Adolescence. Owen Cooper as Jamie Miller in Adolescence. Cr. Courtesy of Netflix ?? 2024 TV still Netflix
Owen Cooper won an Emmy for his portrayal of a violent teenage boy in Adolescence (Photo: Netflix)

Adolescence was excellent, and its warning about the toxicity of male influencers was timely – it remains the greatest advert ever for getting your kids off TikTok. However, every teenage boy portrayed on screen was dysfunctional to some degree, and the hysterical message was that they were all potential incels. In the case of Cooper’s character, there was also something incredibly creepy about its projection of a thwarted and violent sexuality onto an actual child.

Odd though it may sound, the new John Lewis ad delivers a much more accurate portrayal of kids that age.
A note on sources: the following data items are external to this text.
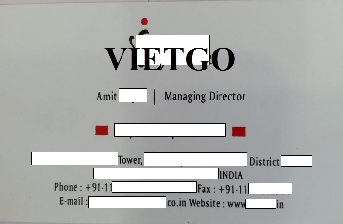 Ông Amit mong muốn sớm nhận được báo giá từ các nhà cung cấp của VIETGO. Bởi vậy, Quý nhà cung cấp nào mong muốn hợp tác cùng vị khách hàng xin vui lòng liên hệ và báo giá cho ông trong thời gian sớm nhất theo thông tin dưới đây:
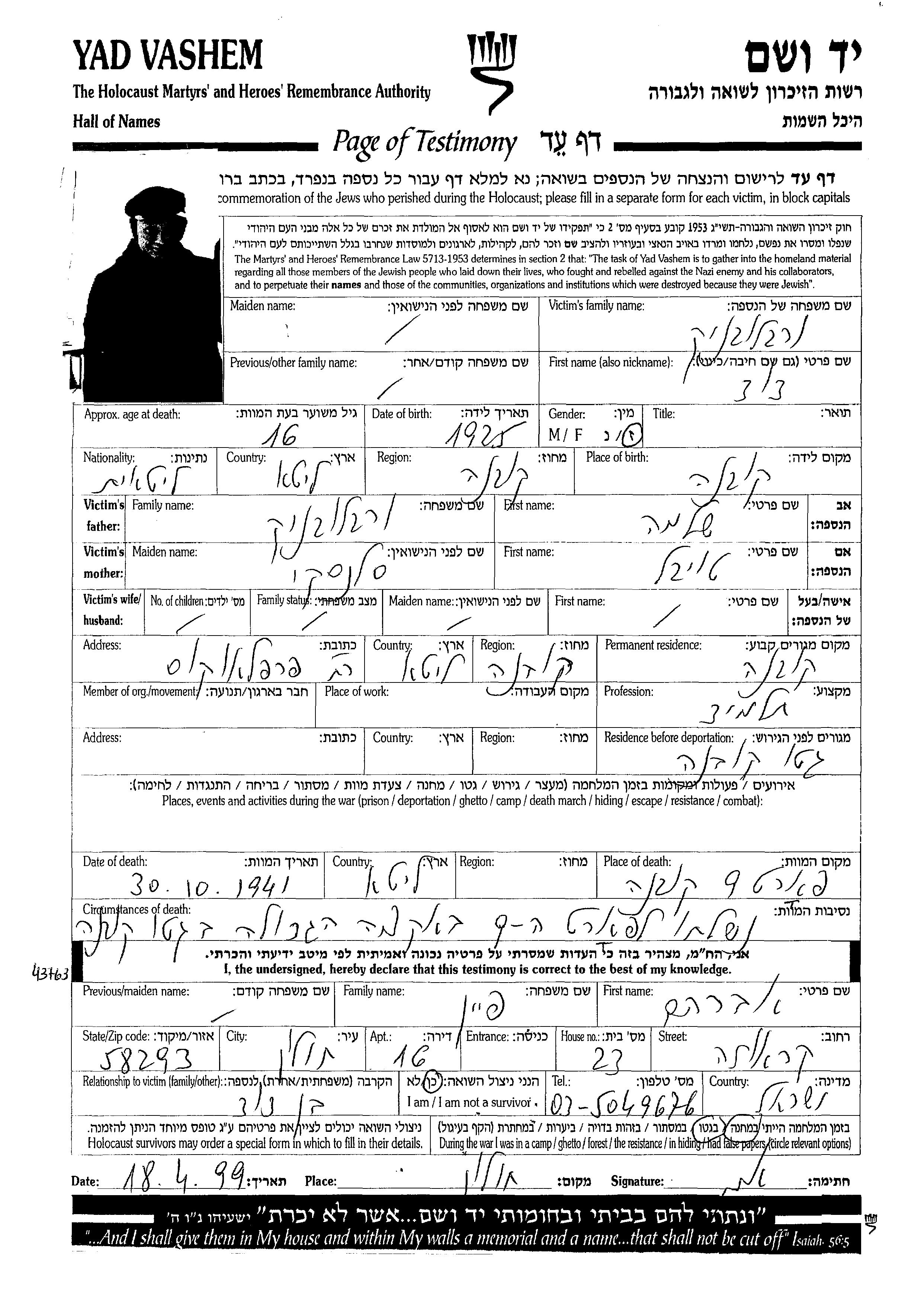 Yad Vashem - Colección conmemorativa de Hojas de Testimonio
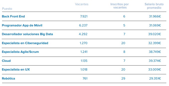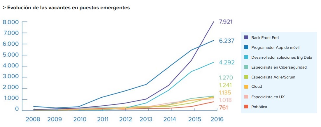 Por último, los puestos de trabajos "emergentes". Como explicábamos al comienzo del artículo, estos son los puestos nuevos (para los que no existían ofertas en InfoJobs hace 8-9 años) pero que ahora acumulan ofertas por miles. Lo relevante no es sólo el crecimiento experimentado, sino los sueldos que ofrecen (muy por encima de la media en todos los casos) y el número de candidatos por oferta (muy por debajo de lo habitual en otros sectores). Si esto puede servir como indicador, son una buena pista de por dónde hay ahora oportunidades en el mercado laboral español: Back Front End, Programador App de Móvil, Desarrollador Soluciones Big Data, Especialista en Cíberseguridad, Especialista Agile / Scrum, Cloud, Especialista en UX, Robótica.
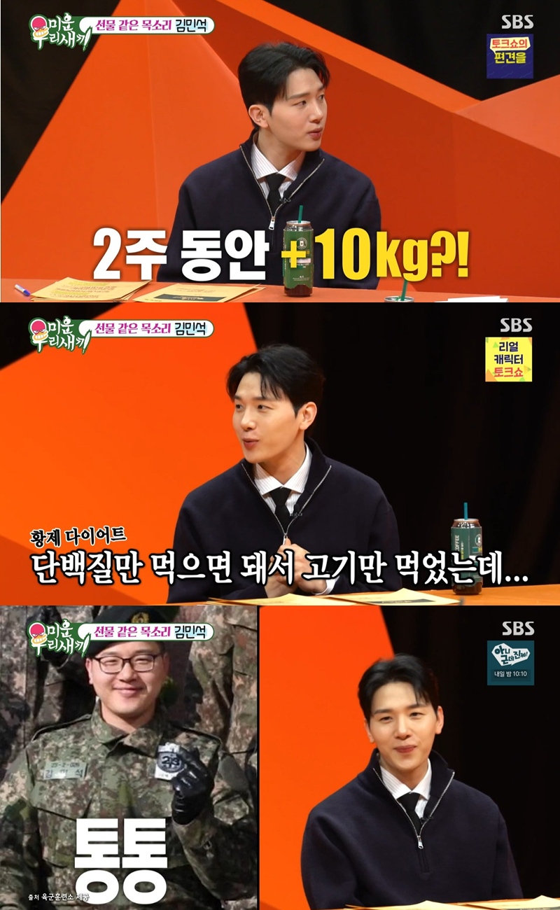 ÀÌ¿¡ ¼ÀåÈÆÀº "Ȱµ¿ÇÏ´Ù°¡ ±º´ë °¡¼ ¸öÀÌ Àú·¸°Ô ¹Ù²ï °Å³Ä"°í ¹°¾ú´Ù. ±è¹Î¼®Àº "±º´ë °¡±â Á÷ÀüÀÌ´Ï ¸ÔÀÚ, 0ÇູÇÏ°Ô È°µ¿ÇÏÀÚ, ½Í¾î¼ ¸Ô¾ú´õ´Ï ¸ö¹«°Ô°¡ ºÒ¾î³µ´Ù"°í ÀüÇß´Ù.
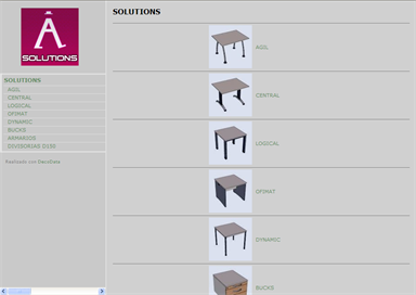 Catálogo paramétrico de mesas del distribuidor de mobiliario Solution, con derivados y combinaciones incompatibles calculadas en la web en tiempo real en el navegador del cliente (sin servidor de BD)
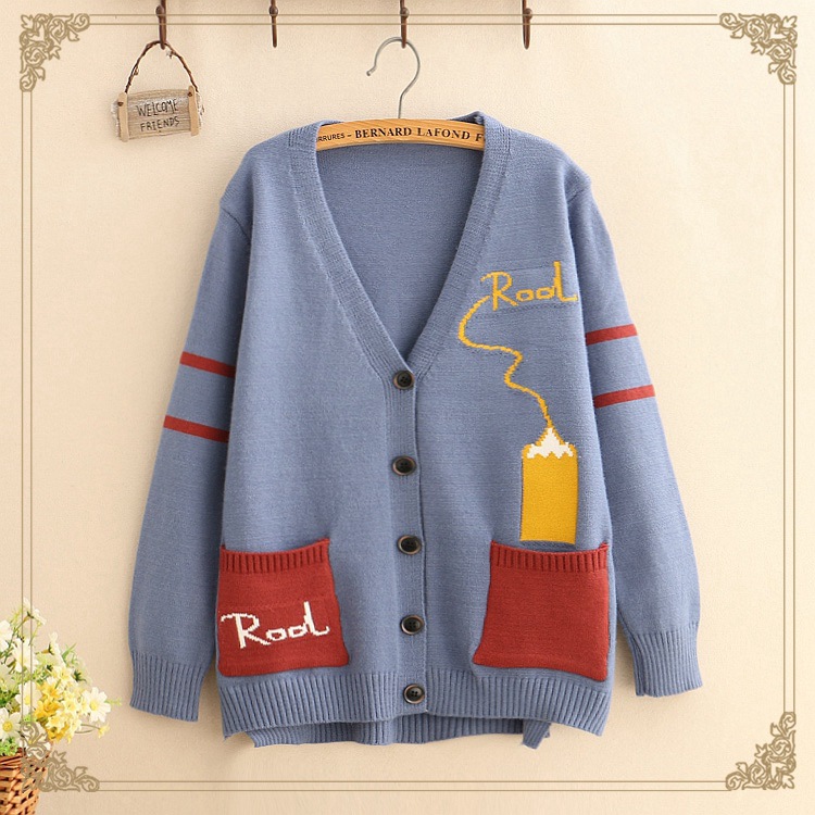 New personality color matching rool cardigan sweater
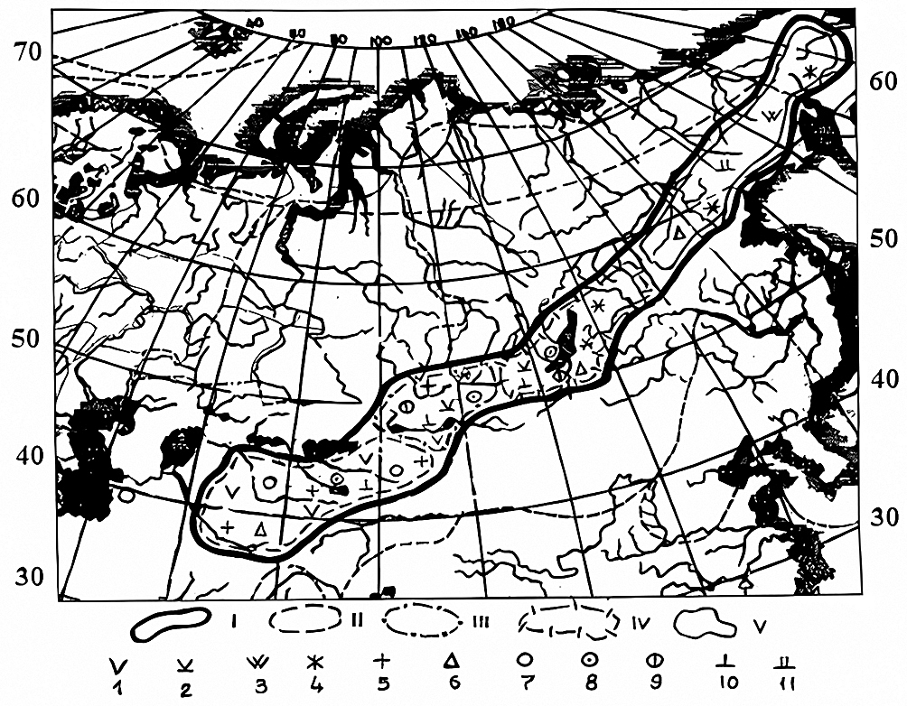 Таким образом, в результате рассмотрения особенностей распределения горных степей и сообществ ксеротермных флороценотипов на громадном по протяженности поясе гор Евразии (35–67° с.ш., 72–163° в.д.), необходимо отметить их разнообразие и контрастность, гетерогенность флористического состава сообществ с участием множества эндемичных и реликтовых видов. Огромен миграционный потенциал территории, по сути, являющейся трассой перемешивания и последующей трансформации флор. Важнейшими являются вопросы филоценогенеза – исторического ее развития. Поэтому раскрытие данного аспекта становится ключевым, поскольку предполагает глубокое рассмотрение всего разнообразия видов в ценокомплексах горных степей – преобладающих экобиоморф, доминантов и эдификаторов сообществ.
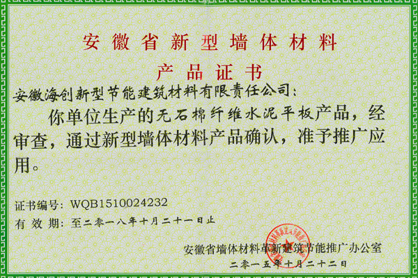 ? ? 為打造海螺板業品牌形象,增強品牌影響力,經過近半年的準備和實施,先后歷經省市兩級專家組現場調研、工藝資料審查、現場實物檢測,以及安徽省革新建筑節能推廣辦公室專家組會議復核評審論證等程序,安徽海創新材料公司所生產的無石棉纖維水泥平板產品終獲省新型墻體材料認證,并取得新型墻體材料產品認證證書。
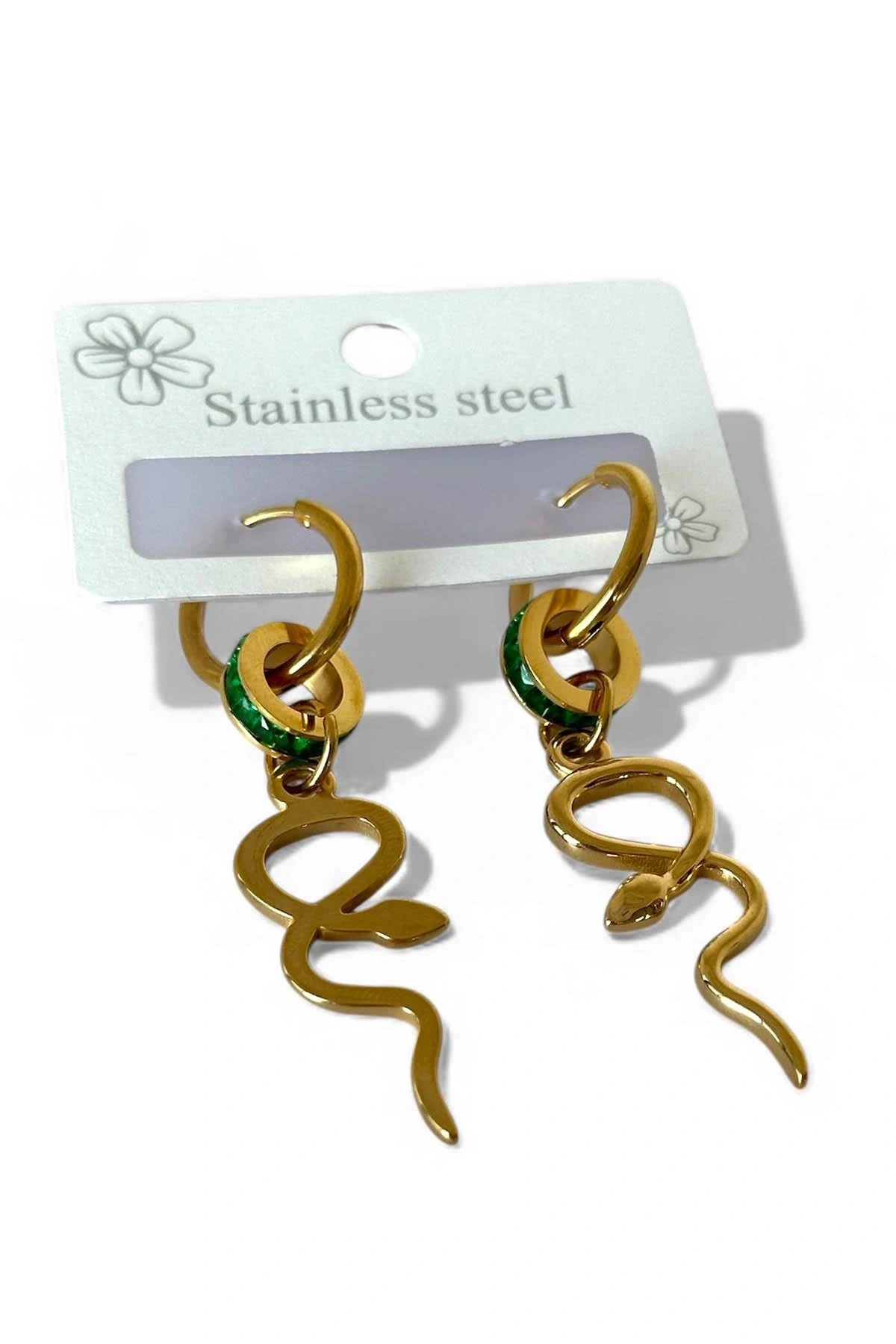 Altın Renk Yılan Figürlü Çelik Küpe (Çift)

It isn’t just Adolescence that has been down on teenage boys. Whether it’s school dramas such as Ackley Bridge or broad comedies such as The Inbetweeners (rumoured to be returning in some shape or form in 2026), the stereotype is that young men are hormonal thrill-seekers who must be corralled until they grow up and develop some common sense. But in fact, many teenage boys are much like the one we meet in the new ad – glum, insecure and full of emotions they lack the maturity or self-belief to express.

It’s easy to be cynical about the John Lewis ad. Each November, this staple of the advertising industry seems to become more efficient at hacking our feelings and making us cough up tears on demand.

But this year’s offering does have something to say beyond the usual call to spend more money. It pushes back against the caricature of teenage boys as a menace to society and is a reminder that not every adolescent boy is a horror movie waiting to happen.